* GOAL OF THE EXERCISE:
In the records below, take the line with "TRIBUNJANBI.COM, JAMBI - Puluhan" and all lines after it, and copy them exactly, pictures excluded.

++++

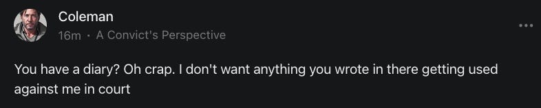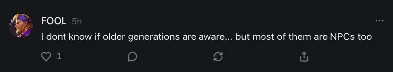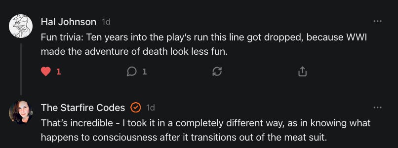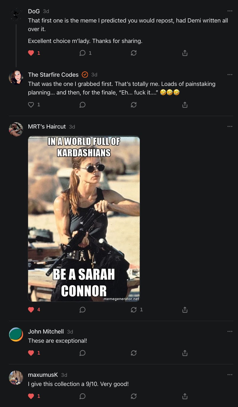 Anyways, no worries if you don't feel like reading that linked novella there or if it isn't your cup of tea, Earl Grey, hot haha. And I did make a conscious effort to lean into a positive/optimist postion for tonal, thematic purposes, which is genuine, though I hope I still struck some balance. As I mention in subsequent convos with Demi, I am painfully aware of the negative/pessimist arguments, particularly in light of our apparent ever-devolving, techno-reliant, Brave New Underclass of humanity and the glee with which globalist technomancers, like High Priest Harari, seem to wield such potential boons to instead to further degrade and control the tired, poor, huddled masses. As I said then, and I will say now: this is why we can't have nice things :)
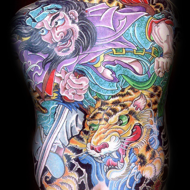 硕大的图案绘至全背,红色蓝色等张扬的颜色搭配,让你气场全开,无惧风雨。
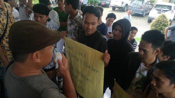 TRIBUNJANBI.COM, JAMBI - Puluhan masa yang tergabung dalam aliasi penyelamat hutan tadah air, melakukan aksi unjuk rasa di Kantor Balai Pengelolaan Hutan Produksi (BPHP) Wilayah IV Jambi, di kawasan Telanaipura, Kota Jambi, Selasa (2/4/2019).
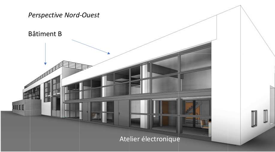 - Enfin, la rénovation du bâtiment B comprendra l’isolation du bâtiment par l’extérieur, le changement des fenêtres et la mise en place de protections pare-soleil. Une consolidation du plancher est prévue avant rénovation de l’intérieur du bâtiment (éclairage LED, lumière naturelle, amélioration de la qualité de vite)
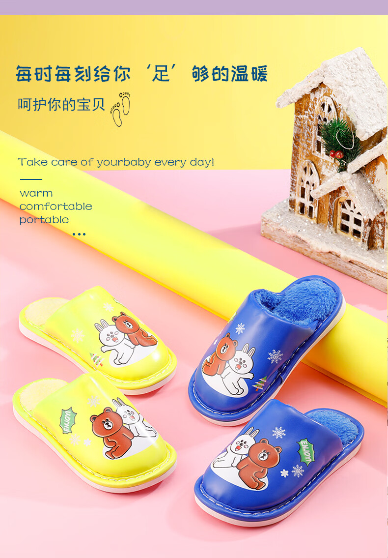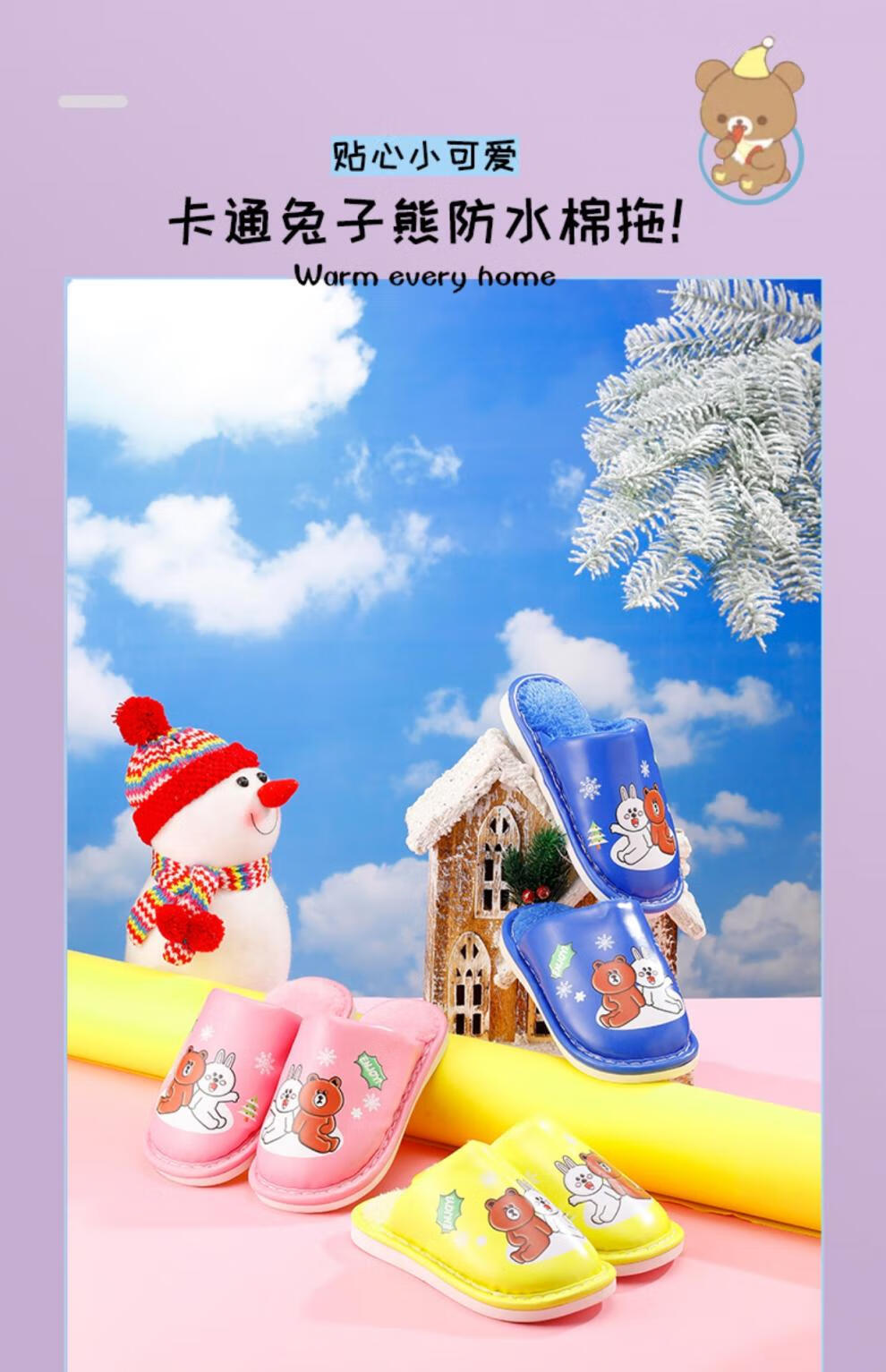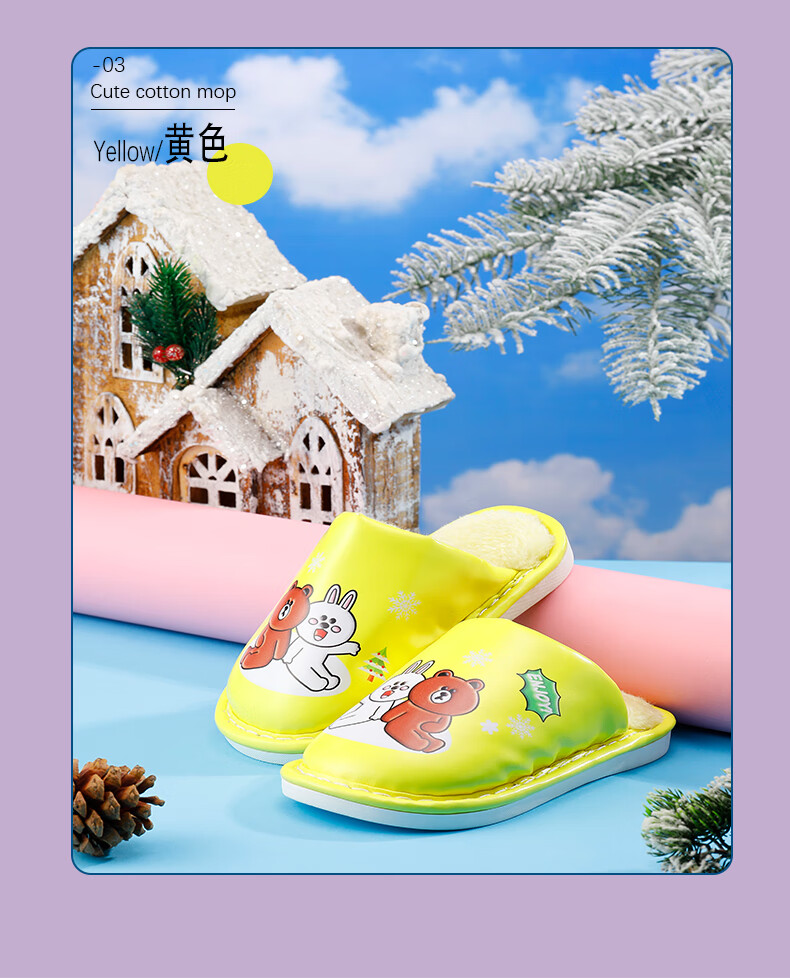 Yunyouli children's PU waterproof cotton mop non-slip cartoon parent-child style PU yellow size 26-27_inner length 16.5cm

++++

* RESPONSE TO THIS TASK:
 TRIBUNJANBI.COM, JAMBI - Puluhan masa yang tergabung dalam aliasi penyelamat hutan tadah air, melakukan aksi unjuk rasa di Kantor Balai Pengelolaan Hutan Produksi (BPHP) Wilayah IV Jambi, di kawasan Telanaipura, Kota Jambi, Selasa (2/4/2019).
 - Enfin, la rénovation du bâtiment B comprendra l’isolation du bâtiment par l’extérieur, le changement des fenêtres et la mise en place de protections pare-soleil. Une consolidation du plancher est prévue avant rénovation de l’intérieur du bâtiment (éclairage LED, lumière naturelle, amélioration de la qualité de vite)
 Yunyouli children's PU waterproof cotton mop non-slip cartoon parent-child style PU yellow size 26-27_inner length 16.5cm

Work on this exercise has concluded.